Somente o grupo J&F, dos irmãos Batista, que comprou as unidades da Vale em Corumbá, vai injetar R$ 1,1 bilhão no médio prazo para quadruplicar sua produção de minério de ferro, um dos melhores do mundo em teor de qualidade.
POLÊMICA ANTIGA
Depois que o presidente do Ibama recuou de forma intempestiva de sua posição informal de liberar a dragagem em alguns trechos da hidrovia, ficou clara a pressão das organizações não governamentais (ONGs) ambientalistas e a recusa em série de outros setores do governo federal, como a Secretaria Nacional de Hidrovias e Navegação do Ministério de Portos e Aeroportos. A dragagem de realinhamento do canal passou a ser classificada como “dragagem de aprofundamento” para justificar a decisão.
Para consultores do setor, empresários e técnicos com larga experiência na hidrovia ouvidos pelo Correio do Estadoa licença ambiental concedida pelo Ibama para as intervenções no tramo norte (Cáceres, MT) há mais de 20 anos poderia ser estendida excepcionalmente ao tramo sul, considerando as especificidades do ambiente e a crise hídrica.
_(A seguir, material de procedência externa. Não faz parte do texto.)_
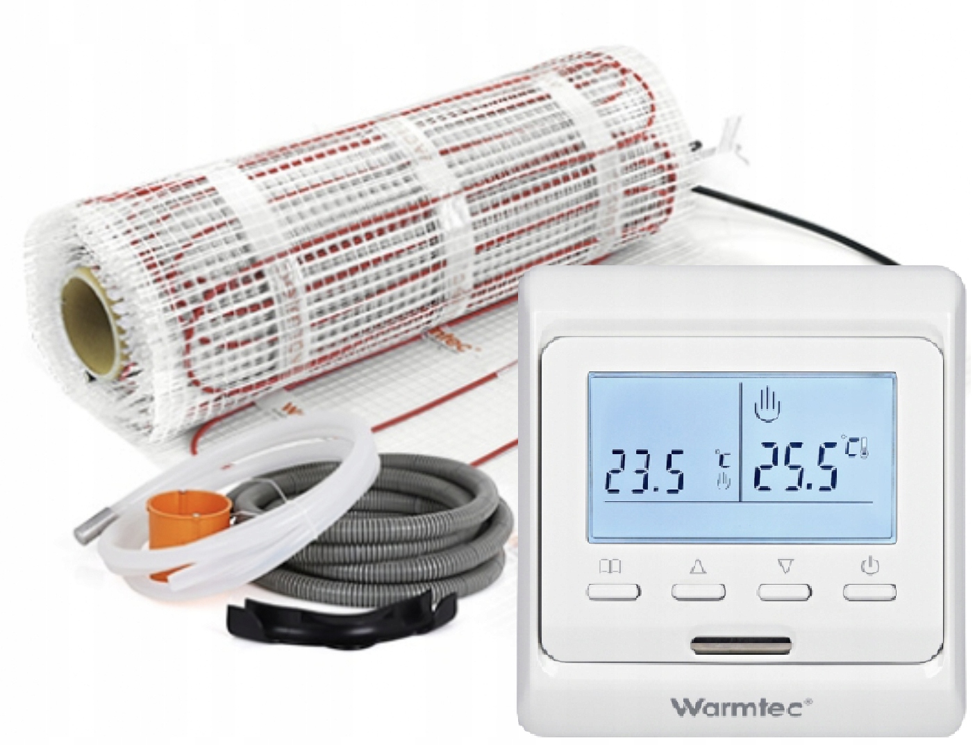 Повний комплект електричної теплої підлоги від Warmtec. Програмований терморегулятор із великим чітким РК-дисплеєм. Односторонній самоклеючий нагрівальний мат і аксесуари для легкого встановлення.

Porém, o instituto alegou a ocorrência indígena em trechos onde o rio é compartilhado pelo Brasil e o Paraguai.
Também apontam como alternativa, para não tornar inexequível a concessão e, por extensão, o transporte de cargas pela via, o Ibama considerar o Estudo de Viabilidade Técnica, Econômica e Ambiental (EVTEA) finalizado em 2017 pelo Instituto Tecnológico de Transportes e Infraestrutura (Itti), da Universidade Federal do Paraná (UFPR), a pedido do Dnit. Ao custo de R$ 9 milhões, o levantamento abrangeu os 1.270 km da hidrovia, de Cáceres ao Rio Apa.
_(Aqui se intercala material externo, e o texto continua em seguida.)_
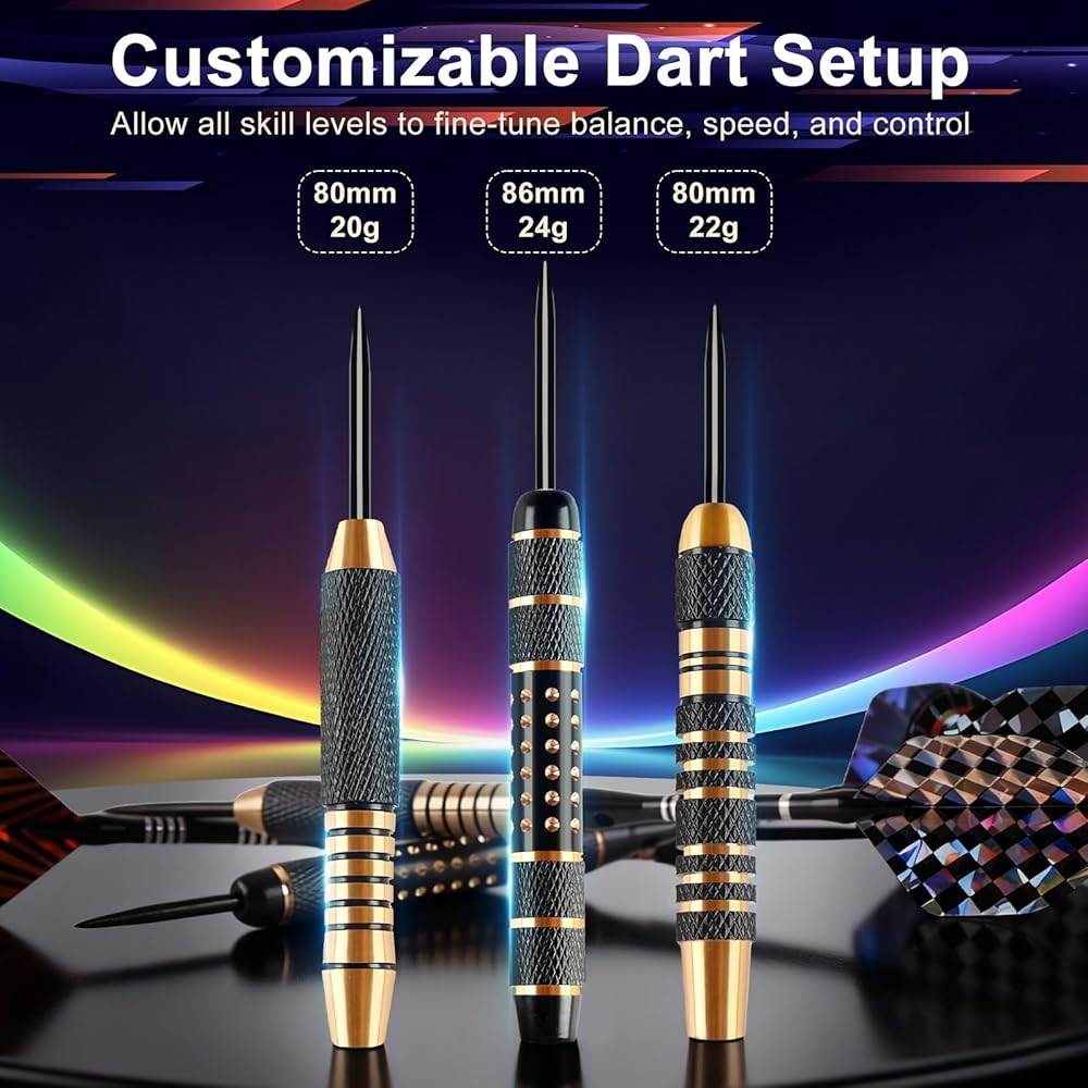 Customizable Dart Setup: The professional darts set includes 12 brass barrels (20g/22g/24g), 18 aluminum shafts (45mm & 48mm), 36 PVC flights (standard & slim); Allowing you to fine-tune balance, control, and flight to match your personal throwing style

As intervenções nos trechos críticos do rio não são uma condicionante apenas para atender os operadores, ampliar o transporte fluvial e reduzir a sobrecarga nas rodovias – entre as quais, a BR-262, em que centenas de caminhões com minério de ferro cruzam o Pantanal, impactam a fauna e provocam acidentes com vítimas. A Marinha solicita a dragagem de manutenção em 28 pontos, desde 2012, para garantir a segurança na navegação.
DRAGAGEM CEREBRAL
Os ambientalistas são alarmistas, segundo Troy Vettese, historiador espanhol especializado em Economia Ambiental, Estudos da Fauna e Energia. O discurso apocalíptico é inútil, prossegue Vettese, pois obscurece a percepção da crise. “O espalhafatar das ONGs quando se trata da hidrovia do Paraguai é algo premeditado. Se fala em ‘construir’ uma hidrovia, quando a via é um caminho natural, e quando perdem o argumento, inserem o indígena sob ameaça”.
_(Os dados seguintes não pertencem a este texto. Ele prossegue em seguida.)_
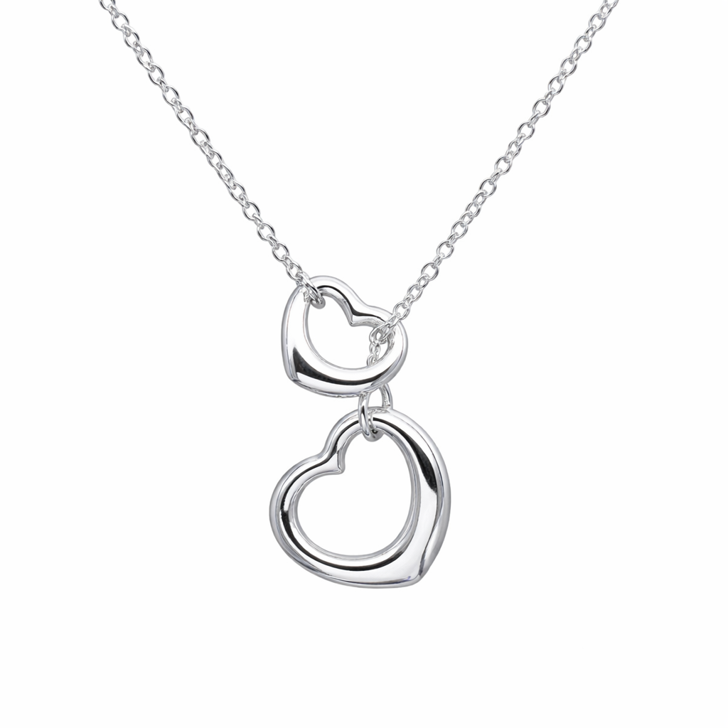 Lindo collar de plata 925, diseño de 2 corazones calados que atraviesa uno a otro.

Enviada por ambientalistas ao governo, a carta aberta condenando a dragagem, liderada pela pesquisadora da Embrapa Débora Calheiros, assessora do Ministério Público Federal, “evidencia o fundamentalismo ideológico do movimento disfarçado de proteção. Um caso típico de ‘dragagem cerebral’, como definiu o articulista Lorenzo Carrasco, jornalista e coautor de ‘Máfia Verde: O Ambientalismo a Serviço do Governo Mundial’ (2001)”.
A pressão consentida pelo governo pode desacreditar a concessão da hidrovia, sepultando, mais uma vez, a tentativa de incremento das exportações de minério de ferro de Corumbá pelo rio, depois de a Justiça barrar o escoamento da soja produzida em Mato Grosso.
As perdas serão bilionárias, alertou o deputado estadual corumbaense Paulo Duarte, crítico contumaz do Ibama. Ele culpa “os técnicos radicais” do órgão por impedirem a dragagem sem conhecerem o Pantanal.